[[ Record set open ]]

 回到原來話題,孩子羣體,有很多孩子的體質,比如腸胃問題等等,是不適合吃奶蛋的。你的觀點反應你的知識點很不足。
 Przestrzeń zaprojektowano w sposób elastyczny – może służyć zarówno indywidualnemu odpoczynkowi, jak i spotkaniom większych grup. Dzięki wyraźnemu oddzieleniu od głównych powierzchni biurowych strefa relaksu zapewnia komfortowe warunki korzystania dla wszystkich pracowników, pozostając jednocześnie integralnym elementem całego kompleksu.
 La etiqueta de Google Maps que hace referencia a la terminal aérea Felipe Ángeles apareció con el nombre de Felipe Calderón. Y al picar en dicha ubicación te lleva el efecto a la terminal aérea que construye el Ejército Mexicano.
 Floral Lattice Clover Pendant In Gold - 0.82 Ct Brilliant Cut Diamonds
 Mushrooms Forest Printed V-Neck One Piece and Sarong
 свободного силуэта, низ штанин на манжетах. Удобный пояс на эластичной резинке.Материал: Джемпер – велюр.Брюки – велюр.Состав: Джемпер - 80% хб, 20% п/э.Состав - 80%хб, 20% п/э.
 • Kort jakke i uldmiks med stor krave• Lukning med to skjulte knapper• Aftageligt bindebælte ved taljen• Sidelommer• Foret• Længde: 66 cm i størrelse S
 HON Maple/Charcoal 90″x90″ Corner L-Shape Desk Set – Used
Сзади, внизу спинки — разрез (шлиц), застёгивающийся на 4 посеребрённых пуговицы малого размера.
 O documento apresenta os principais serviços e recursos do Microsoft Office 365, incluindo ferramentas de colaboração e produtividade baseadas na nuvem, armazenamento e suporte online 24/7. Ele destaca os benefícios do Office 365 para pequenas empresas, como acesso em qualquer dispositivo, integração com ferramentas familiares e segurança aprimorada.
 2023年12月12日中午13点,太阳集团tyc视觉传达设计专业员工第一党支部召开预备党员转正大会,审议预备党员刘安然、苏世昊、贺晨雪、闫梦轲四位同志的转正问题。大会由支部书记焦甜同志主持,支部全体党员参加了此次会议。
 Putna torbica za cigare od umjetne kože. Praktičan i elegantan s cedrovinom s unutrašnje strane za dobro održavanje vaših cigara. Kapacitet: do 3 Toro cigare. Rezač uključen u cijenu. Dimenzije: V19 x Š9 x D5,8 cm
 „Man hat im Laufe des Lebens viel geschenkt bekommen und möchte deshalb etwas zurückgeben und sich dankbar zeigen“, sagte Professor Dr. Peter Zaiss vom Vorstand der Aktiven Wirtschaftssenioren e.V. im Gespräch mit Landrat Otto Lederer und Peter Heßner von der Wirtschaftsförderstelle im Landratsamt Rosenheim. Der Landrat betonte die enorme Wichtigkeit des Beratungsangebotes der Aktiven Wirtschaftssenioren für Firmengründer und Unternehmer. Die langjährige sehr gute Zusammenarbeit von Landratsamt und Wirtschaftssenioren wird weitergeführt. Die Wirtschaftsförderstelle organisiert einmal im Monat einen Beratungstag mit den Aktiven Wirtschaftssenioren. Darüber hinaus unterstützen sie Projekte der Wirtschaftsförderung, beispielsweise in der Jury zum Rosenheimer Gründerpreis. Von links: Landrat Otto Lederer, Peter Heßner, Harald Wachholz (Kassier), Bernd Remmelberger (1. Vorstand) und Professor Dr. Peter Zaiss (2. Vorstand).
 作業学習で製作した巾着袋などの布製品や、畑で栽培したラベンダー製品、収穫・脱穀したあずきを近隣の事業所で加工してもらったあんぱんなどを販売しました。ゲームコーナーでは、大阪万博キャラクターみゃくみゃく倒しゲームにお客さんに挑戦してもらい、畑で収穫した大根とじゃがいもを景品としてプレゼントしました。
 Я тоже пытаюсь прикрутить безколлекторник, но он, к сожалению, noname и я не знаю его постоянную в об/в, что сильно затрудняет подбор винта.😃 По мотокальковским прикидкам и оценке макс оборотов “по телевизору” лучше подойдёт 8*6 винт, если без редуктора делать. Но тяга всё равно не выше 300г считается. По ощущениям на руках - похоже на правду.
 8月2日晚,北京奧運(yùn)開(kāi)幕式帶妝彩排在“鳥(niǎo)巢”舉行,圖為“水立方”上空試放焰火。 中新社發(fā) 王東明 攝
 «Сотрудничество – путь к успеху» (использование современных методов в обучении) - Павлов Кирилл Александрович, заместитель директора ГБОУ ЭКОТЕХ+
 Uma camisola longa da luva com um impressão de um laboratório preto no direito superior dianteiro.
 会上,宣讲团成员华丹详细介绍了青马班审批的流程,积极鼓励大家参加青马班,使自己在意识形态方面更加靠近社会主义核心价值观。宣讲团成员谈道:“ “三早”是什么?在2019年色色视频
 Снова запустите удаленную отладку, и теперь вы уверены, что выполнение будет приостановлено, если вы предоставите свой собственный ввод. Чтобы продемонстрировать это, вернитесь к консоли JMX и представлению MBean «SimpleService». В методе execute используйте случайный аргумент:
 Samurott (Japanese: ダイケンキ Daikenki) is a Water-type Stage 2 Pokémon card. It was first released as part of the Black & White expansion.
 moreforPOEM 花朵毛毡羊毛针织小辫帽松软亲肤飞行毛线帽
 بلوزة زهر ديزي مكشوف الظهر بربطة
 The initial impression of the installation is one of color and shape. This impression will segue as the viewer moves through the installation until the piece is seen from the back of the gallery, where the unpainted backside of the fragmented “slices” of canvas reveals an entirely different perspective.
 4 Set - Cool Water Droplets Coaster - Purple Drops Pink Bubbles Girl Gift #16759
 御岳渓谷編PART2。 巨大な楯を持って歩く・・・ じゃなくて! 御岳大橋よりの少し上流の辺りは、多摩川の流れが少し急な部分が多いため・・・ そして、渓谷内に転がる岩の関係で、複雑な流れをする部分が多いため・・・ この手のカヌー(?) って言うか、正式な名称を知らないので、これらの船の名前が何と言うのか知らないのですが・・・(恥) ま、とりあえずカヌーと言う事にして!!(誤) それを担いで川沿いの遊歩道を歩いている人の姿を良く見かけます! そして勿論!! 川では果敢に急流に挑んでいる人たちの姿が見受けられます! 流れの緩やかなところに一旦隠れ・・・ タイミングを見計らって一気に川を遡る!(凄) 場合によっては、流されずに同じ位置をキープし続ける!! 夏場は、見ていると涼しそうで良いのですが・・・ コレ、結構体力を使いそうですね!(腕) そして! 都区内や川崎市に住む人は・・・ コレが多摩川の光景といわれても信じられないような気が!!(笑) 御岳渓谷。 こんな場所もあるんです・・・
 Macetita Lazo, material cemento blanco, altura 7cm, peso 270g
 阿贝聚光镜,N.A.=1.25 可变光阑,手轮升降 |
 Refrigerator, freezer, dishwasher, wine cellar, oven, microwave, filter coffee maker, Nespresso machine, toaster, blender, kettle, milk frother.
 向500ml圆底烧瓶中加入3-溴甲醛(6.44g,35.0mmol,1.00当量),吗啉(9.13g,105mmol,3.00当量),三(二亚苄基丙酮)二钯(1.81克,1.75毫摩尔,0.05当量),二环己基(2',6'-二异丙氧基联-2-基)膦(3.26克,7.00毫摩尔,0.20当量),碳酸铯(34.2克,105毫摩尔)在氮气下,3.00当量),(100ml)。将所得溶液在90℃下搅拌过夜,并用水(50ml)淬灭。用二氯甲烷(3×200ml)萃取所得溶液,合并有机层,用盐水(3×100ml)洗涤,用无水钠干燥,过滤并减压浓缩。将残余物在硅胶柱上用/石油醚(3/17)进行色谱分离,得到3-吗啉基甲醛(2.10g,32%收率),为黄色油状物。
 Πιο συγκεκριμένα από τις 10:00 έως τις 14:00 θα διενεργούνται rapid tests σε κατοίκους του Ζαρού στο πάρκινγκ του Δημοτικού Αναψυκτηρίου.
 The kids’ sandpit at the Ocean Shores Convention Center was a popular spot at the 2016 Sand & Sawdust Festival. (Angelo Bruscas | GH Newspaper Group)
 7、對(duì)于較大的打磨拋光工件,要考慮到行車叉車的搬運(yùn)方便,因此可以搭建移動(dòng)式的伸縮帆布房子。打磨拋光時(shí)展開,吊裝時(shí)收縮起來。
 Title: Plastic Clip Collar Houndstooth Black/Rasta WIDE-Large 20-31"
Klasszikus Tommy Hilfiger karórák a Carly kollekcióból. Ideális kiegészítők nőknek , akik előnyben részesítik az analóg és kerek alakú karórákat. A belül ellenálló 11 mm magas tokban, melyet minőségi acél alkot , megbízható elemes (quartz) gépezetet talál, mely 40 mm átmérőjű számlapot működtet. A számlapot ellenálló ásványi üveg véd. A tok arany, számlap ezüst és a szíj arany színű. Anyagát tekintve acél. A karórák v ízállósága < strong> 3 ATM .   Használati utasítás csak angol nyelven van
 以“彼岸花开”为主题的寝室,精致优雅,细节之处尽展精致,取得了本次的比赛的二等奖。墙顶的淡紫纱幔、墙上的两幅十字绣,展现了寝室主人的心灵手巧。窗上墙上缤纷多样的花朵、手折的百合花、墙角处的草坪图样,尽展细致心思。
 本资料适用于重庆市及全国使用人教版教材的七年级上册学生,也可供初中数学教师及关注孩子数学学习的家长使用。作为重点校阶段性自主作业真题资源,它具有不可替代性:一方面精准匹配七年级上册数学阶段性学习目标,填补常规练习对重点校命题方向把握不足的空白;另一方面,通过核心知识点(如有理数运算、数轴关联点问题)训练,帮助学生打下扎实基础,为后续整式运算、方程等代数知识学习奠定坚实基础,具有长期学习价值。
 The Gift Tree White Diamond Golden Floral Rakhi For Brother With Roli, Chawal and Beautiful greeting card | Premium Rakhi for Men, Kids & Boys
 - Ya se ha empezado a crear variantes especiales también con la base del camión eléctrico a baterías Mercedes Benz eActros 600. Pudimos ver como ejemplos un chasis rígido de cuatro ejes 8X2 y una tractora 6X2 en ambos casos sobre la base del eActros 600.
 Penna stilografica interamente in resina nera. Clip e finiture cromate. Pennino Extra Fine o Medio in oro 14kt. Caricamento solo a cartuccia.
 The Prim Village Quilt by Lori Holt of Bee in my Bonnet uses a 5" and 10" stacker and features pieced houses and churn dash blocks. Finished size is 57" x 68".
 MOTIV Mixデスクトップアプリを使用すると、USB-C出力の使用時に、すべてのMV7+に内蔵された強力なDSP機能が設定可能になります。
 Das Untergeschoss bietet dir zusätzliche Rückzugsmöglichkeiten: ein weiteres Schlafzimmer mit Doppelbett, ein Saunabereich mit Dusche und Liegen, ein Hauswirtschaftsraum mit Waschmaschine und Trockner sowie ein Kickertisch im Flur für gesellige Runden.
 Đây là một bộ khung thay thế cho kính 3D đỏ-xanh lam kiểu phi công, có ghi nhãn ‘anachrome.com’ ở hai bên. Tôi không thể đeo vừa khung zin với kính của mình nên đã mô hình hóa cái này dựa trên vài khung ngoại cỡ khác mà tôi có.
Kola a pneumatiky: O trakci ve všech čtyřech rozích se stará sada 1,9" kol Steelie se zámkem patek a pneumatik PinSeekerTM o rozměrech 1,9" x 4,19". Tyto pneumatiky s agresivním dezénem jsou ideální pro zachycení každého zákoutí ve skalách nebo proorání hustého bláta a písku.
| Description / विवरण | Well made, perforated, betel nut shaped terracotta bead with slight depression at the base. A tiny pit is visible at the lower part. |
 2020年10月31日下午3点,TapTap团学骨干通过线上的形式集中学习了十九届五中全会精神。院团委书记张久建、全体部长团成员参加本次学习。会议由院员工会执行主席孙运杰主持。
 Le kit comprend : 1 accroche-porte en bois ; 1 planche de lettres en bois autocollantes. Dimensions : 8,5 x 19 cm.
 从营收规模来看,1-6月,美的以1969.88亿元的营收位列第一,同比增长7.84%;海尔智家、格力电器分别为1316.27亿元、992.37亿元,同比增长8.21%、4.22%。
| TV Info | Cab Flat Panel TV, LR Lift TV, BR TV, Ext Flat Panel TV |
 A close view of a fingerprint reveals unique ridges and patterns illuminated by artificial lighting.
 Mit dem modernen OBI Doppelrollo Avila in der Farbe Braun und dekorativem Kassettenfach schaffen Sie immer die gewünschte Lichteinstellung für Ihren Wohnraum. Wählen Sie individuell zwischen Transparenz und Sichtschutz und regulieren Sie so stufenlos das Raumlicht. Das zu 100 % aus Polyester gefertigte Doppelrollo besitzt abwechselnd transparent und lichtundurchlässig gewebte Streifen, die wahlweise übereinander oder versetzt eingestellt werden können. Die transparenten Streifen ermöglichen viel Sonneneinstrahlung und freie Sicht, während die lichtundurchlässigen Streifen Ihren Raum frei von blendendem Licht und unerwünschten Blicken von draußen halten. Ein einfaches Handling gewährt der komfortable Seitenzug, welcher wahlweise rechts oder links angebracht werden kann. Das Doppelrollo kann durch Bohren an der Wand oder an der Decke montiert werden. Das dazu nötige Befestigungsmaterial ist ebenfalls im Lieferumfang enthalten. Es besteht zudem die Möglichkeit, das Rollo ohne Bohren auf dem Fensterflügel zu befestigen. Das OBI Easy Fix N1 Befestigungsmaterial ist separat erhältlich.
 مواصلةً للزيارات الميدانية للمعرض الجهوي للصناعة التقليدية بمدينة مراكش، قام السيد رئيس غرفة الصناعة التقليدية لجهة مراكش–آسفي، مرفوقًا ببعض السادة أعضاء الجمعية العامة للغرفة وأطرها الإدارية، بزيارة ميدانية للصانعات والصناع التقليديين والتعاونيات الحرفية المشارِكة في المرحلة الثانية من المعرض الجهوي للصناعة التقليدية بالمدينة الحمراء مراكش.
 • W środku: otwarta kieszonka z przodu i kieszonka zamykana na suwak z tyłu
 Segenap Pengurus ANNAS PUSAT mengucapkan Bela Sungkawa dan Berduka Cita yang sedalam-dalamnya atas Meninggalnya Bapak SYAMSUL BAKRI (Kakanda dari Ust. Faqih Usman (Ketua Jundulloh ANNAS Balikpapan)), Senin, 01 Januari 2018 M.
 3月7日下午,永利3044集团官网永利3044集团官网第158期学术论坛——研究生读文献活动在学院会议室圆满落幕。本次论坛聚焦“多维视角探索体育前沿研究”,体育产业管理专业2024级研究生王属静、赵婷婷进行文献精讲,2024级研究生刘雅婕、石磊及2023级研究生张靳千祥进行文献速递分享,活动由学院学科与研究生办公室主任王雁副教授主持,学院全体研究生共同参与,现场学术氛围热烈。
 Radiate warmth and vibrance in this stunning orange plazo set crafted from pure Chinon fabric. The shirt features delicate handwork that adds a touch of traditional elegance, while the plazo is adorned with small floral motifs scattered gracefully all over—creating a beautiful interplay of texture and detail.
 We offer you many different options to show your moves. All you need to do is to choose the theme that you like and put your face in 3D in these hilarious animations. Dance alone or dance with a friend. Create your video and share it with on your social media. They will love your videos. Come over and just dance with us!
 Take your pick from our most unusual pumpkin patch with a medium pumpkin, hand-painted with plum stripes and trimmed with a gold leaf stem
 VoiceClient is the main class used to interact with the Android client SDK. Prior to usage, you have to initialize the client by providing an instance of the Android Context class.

[[ Record set closed ]]

Exercise: Everything from the line with "i størrelse S" through the line with "HON Maple/Charcoal 90″x90″" should be written out exactly as it appears above, end lines included, and nothing outside that range.

Answer for the task:
 • Kort jakke i uldmiks med stor krave• Lukning med to skjulte knapper• Aftageligt bindebælte ved taljen• Sidelommer• Foret• Længde: 66 cm i størrelse S
 HON Maple/Charcoal 90″x90″ Corner L-Shape Desk Set – Used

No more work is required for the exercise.